● **TASK REQUIREMENTS**
Exact repetition of a range: find the line containing "Hanna, on McKinley's" and the line containing "この日は、メイン料理に「とり" in the material below, then repeat both and all lines between them, leaving pictures out.
━━ SUPPLIED MATERIAL ━━
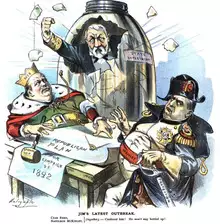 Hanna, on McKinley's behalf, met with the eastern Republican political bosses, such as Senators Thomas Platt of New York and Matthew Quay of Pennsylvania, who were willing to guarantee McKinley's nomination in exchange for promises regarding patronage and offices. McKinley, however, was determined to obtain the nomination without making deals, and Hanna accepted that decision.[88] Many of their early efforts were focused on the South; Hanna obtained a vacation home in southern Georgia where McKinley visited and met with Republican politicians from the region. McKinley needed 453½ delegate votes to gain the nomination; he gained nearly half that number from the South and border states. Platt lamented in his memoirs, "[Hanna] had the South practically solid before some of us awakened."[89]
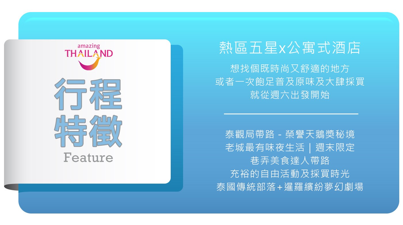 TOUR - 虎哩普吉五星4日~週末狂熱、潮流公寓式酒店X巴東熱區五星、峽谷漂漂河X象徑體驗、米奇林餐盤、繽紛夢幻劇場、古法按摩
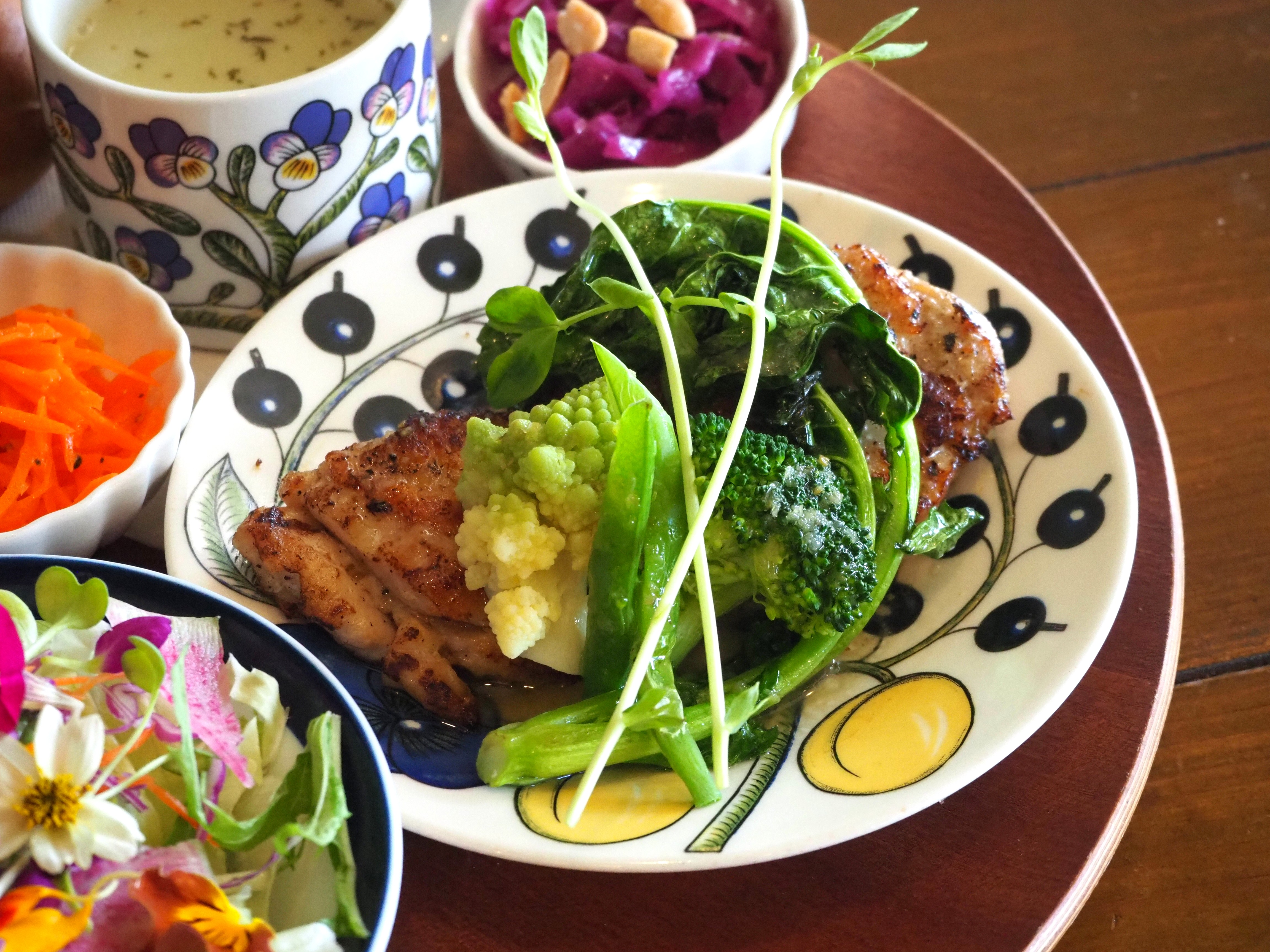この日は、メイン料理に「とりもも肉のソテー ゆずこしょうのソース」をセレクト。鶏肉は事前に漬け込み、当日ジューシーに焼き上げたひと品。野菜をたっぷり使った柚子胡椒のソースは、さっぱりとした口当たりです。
━━━
━━ SUPPLIED MATERIAL ━━
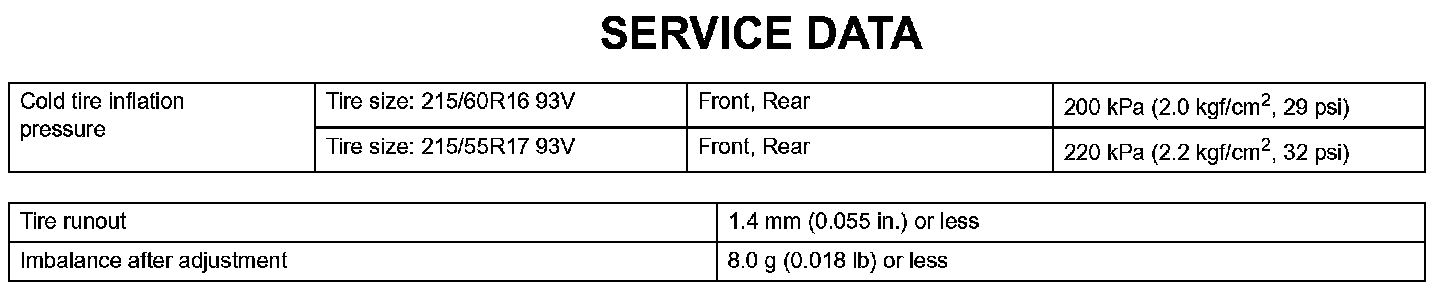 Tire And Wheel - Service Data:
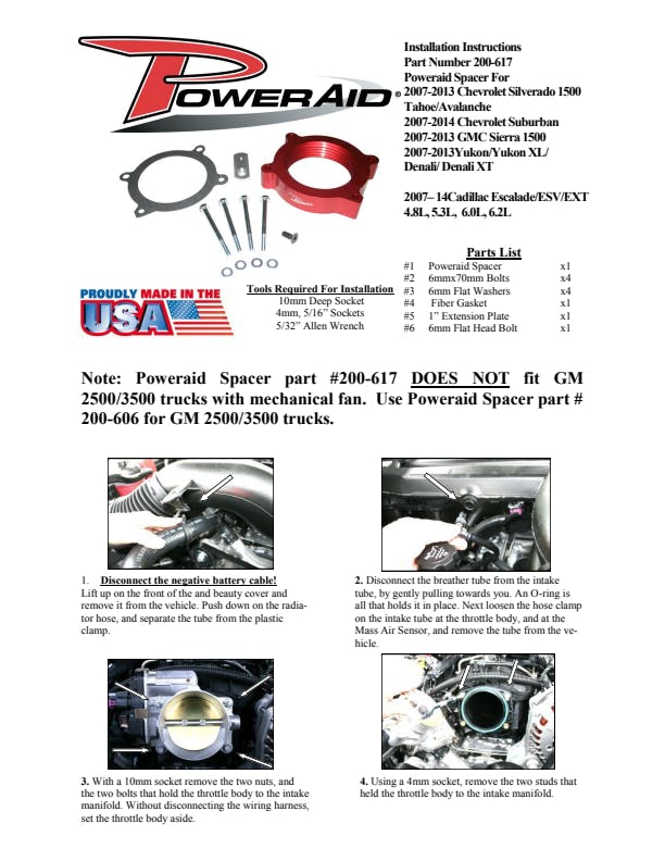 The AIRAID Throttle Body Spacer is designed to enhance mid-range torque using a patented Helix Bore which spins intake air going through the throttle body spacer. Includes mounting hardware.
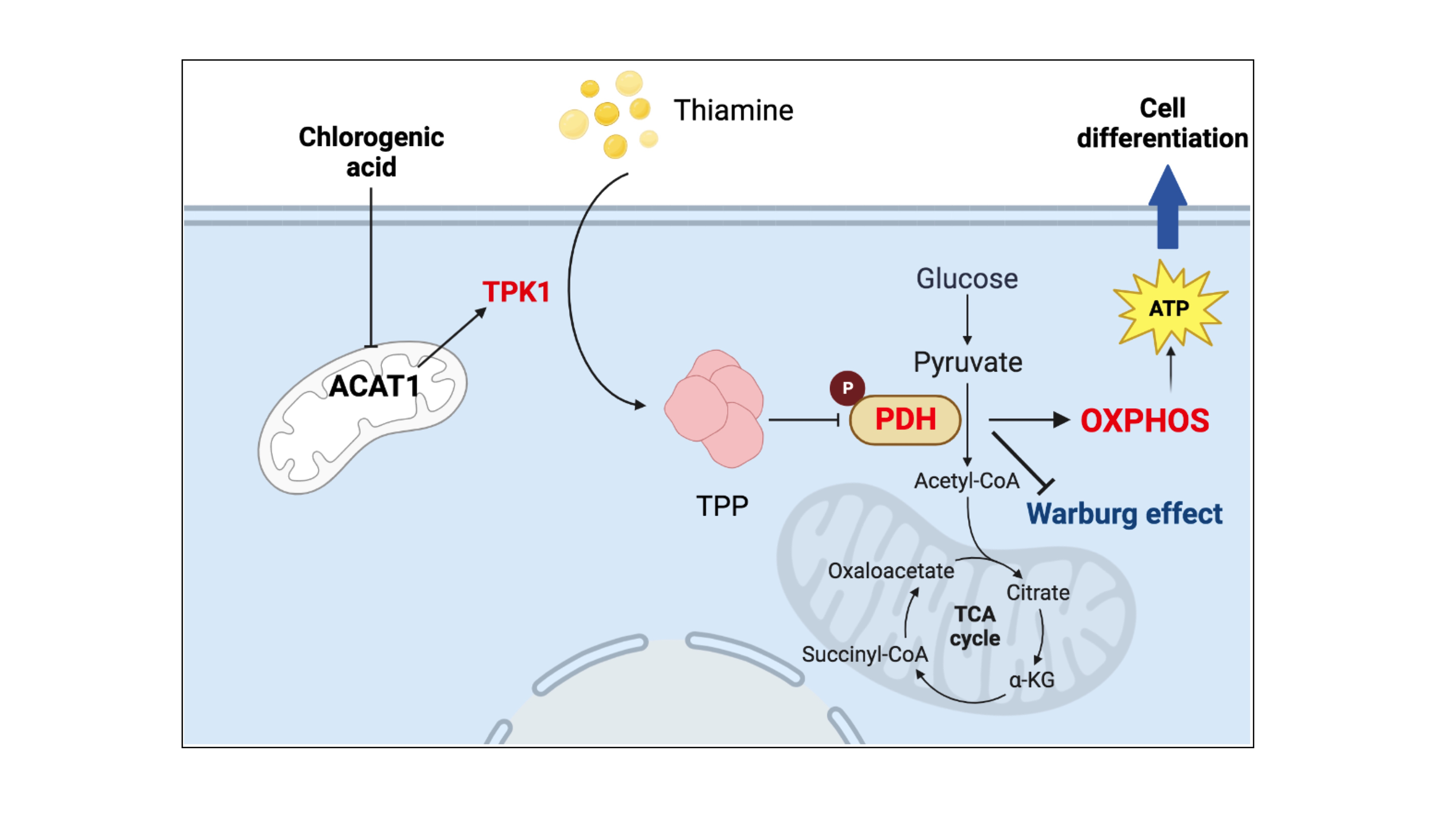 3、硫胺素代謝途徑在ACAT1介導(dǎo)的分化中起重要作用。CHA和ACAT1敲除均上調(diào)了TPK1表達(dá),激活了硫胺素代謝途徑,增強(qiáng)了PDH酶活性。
━━━
━━ SUPPLIED MATERIAL ━━
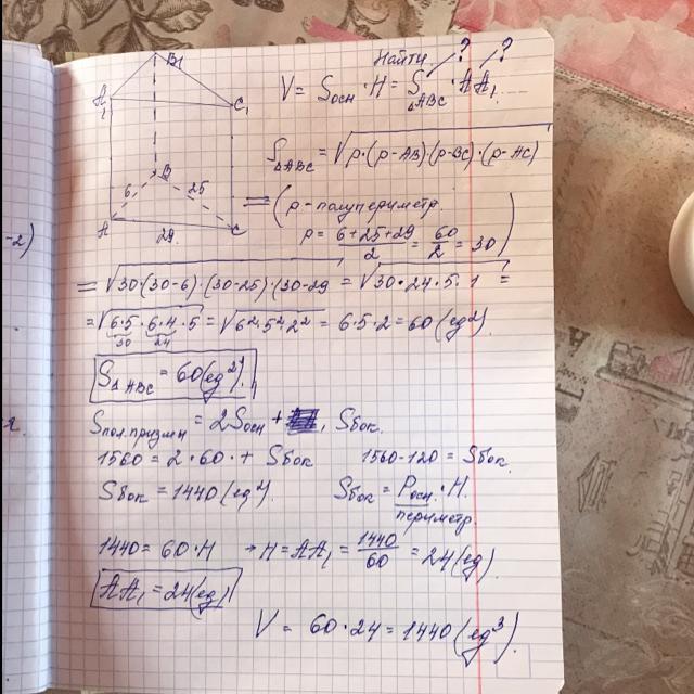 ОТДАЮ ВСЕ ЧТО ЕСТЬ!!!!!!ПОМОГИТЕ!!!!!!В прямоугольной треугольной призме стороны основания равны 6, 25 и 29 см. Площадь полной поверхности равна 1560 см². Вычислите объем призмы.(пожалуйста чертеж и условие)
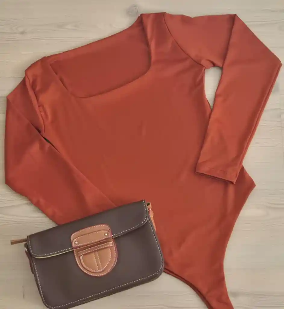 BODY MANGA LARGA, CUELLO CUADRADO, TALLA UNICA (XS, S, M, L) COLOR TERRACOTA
━━━
● **OUTPUT FOR THIS EXERCISE**
 Hanna, on McKinley's behalf, met with the eastern Republican political bosses, such as Senators Thomas Platt of New York and Matthew Quay of Pennsylvania, who were willing to guarantee McKinley's nomination in exchange for promises regarding patronage and offices. McKinley, however, was determined to obtain the nomination without making deals, and Hanna accepted that decision.[88] Many of their early efforts were focused on the South; Hanna obtained a vacation home in southern Georgia where McKinley visited and met with Republican politicians from the region. McKinley needed 453½ delegate votes to gain the nomination; he gained nearly half that number from the South and border states. Platt lamented in his memoirs, "[Hanna] had the South practically solid before some of us awakened."[89]
 TOUR - 虎哩普吉五星4日~週末狂熱、潮流公寓式酒店X巴東熱區五星、峽谷漂漂河X象徑體驗、米奇林餐盤、繽紛夢幻劇場、古法按摩
この日は、メイン料理に「とりもも肉のソテー ゆずこしょうのソース」をセレクト。鶏肉は事前に漬け込み、当日ジューシーに焼き上げたひと品。野菜をたっぷり使った柚子胡椒のソースは、さっぱりとした口当たりです。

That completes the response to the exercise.